Prólogo

Londres, 1855

La pequeña Amelia Thompson observó con cierta reticencia al hombre vestido íntegramente de negro pero que portaba un chistoso saquito corto por sobre su ropa, diferente a cualquier otra cosa que ella hubiese visto usar a su padre. Desde su llegada, hacía una semana atrás, siempre insistía en pasar tiempo con ella, lo que la ponía muy nerviosa. No era que él fuese malvado porque, en realidad, era totalmente lo opuesto.
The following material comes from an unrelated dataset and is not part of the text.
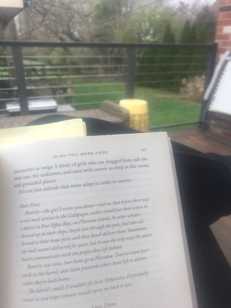 Even though we were experiencing Second Winter, I read outside for a bit until it started raining. I am in deep with my book Wish you Were Here by Jodi Piccoult.

Se mostraba siempre muy amable, pero ella, en su sabiduría infantil, intuía que había algo más que mera curiosidad por la pequeña huérfana que entonces residía en la aristocrática mansión Chamberlaine.

—¿Te aburres, Meli? —le preguntó el hombre, llamándola por aquel cálido apodo que él mismo había escogido para la pequeña.

—No, señor —susurró con precaución. Aunque sabía que él no la amonestaría por hablar alto, no quería volver a sentir la vara de abedul de la vieja Antoniette sobre su espalda. La mujer parecía siempre saberlo todo, aunque ella sabía que eso no era posible porque no era una mamá como lo había sido la suya, sino una vieja pasa de uva… Quizás sí fuese una bruja, como susurraban las ayudantes de cocina cuando creían que nadie las escuchaba.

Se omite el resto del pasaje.